(Beginning of Data for review)

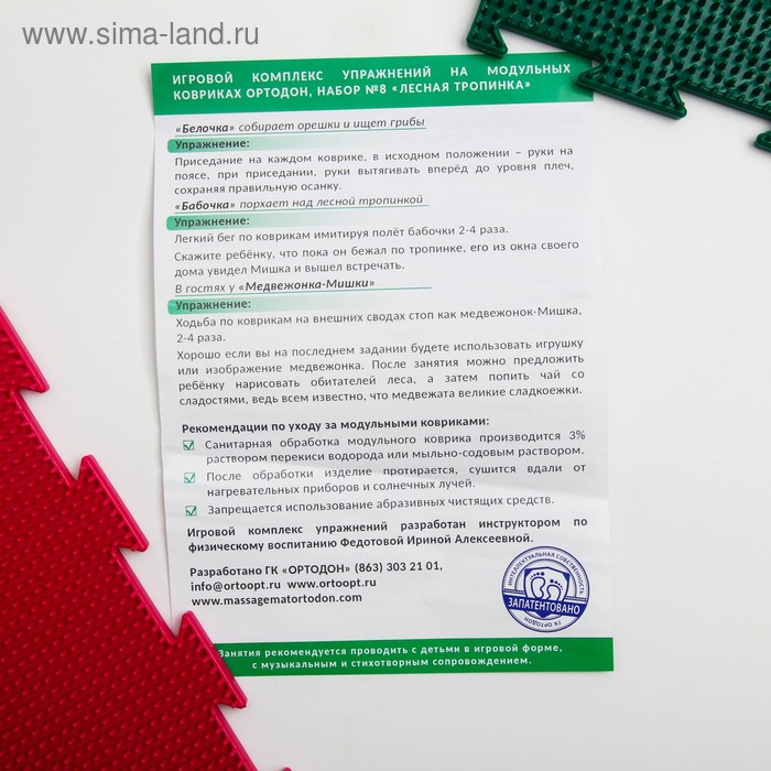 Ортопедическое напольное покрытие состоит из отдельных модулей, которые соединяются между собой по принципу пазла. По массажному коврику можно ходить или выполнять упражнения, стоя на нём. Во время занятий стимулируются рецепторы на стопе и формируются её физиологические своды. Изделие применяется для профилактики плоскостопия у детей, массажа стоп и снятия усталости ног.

(End of Data for review)
(Beginning of Data for review)

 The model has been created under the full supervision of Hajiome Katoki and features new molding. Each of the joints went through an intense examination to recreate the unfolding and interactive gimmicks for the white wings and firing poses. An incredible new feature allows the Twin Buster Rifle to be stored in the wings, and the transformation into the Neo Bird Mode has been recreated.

(End of Data for review)
(Beginning of Data for review)

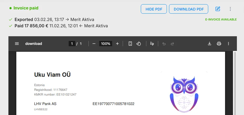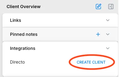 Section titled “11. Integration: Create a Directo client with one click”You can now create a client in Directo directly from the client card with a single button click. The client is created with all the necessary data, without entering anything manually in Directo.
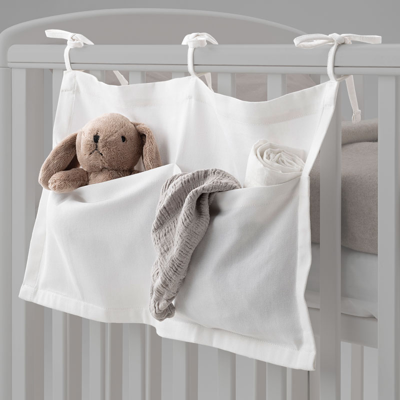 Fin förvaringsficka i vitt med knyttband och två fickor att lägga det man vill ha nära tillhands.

(End of Data for review)

Task to carry out: Only one stretch of the entries above is needed: the lines from the one containing "manually in Directo." through the one containing "Fin förvaringsficka i". Copy it exactly, without the pictures.

Result:
 Section titled “11. Integration: Create a Directo client with one click”You can now create a client in Directo directly from the client card with a single button click. The client is created with all the necessary data, without entering anything manually in Directo.
 Fin förvaringsficka i vitt med knyttband och två fickor att lägga det man vill ha nära tillhands.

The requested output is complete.